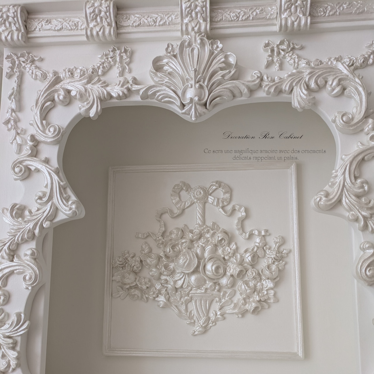 横サイドには優美な装飾の中に、立体感あるroseとおリボンで
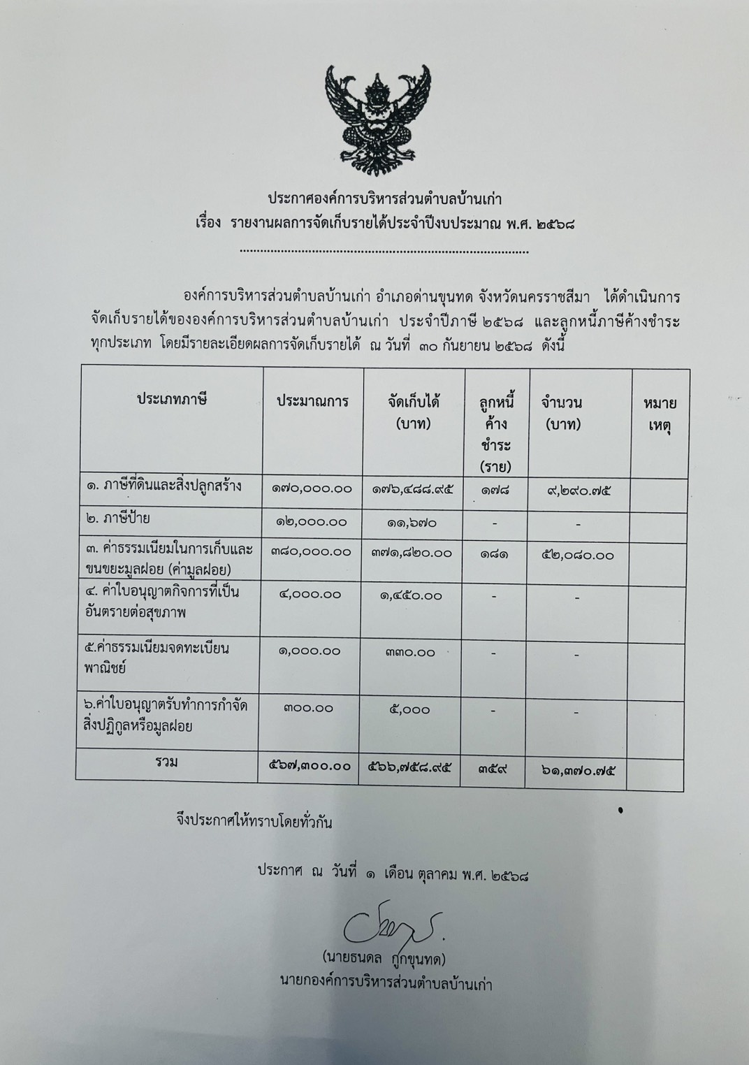 การจัดเก็บภาษีป้ายในเขตองค์การบริหารส่วนตำบลบ้านเก่า ประจำปี พ.ศ.2568 |
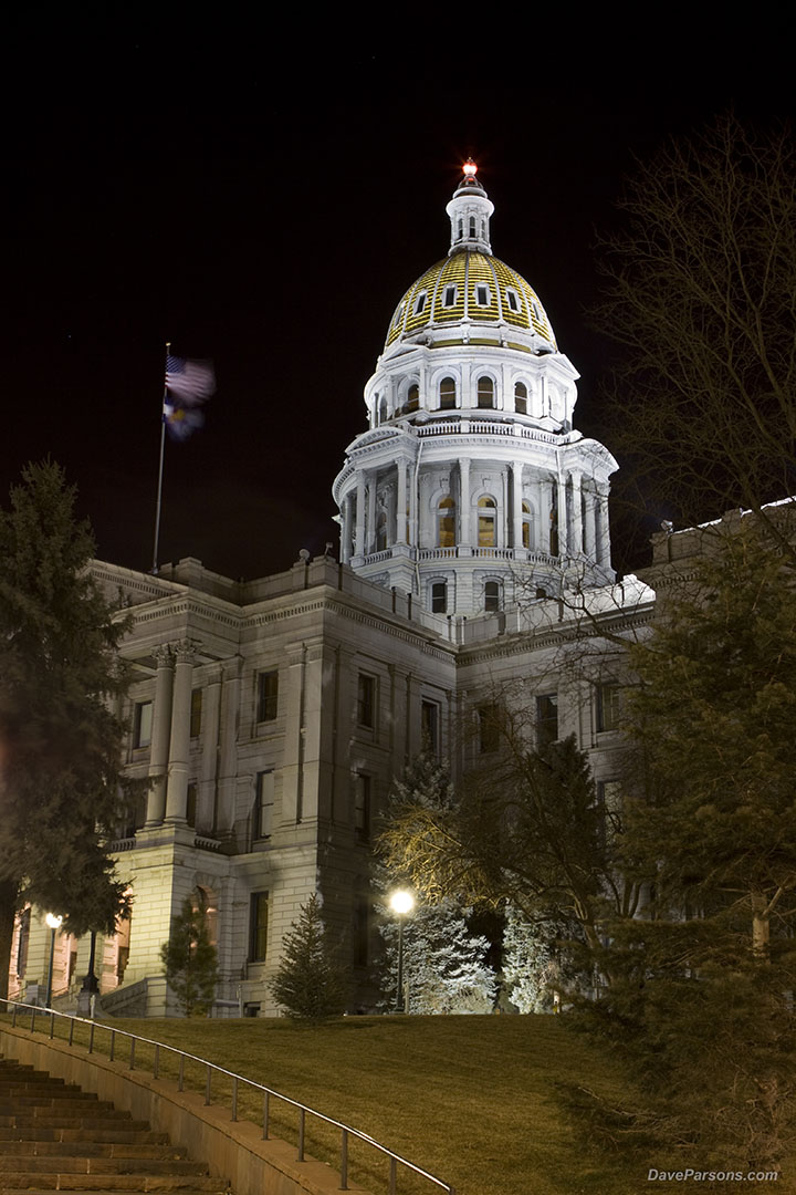 On new years eve, the U.S. flag flaps in a cold wind and the gold dome of the capitol glows warmly during a nighttime excursion into Denver's streets. Parsons photo
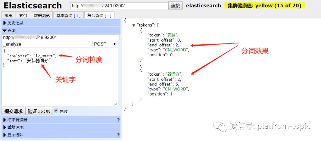 我们再回到head插件后,再次提交请求查看一下效果,可以看到,此时ik分词器已经成功生效了,关键字"安装器词分"已经被分析为两个关键字了,分别是"安装"、"器词分";如下图所示:
··········
- _What the task requires_
All that is needed is the span from the line with "ประจำปี พ.ศ.2568 |" through the last line of the material above, reproduced exactly and free of pictures.

- _Exercise result_
 การจัดเก็บภาษีป้ายในเขตองค์การบริหารส่วนตำบลบ้านเก่า ประจำปี พ.ศ.2568 |
 On new years eve, the U.S. flag flaps in a cold wind and the gold dome of the capitol glows warmly during a nighttime excursion into Denver's streets. Parsons photo
 我们再回到head插件后,再次提交请求查看一下效果,可以看到,此时ik分词器已经成功生效了,关键字"安装器词分"已经被分析为两个关键字了,分别是"安装"、"器词分";如下图所示:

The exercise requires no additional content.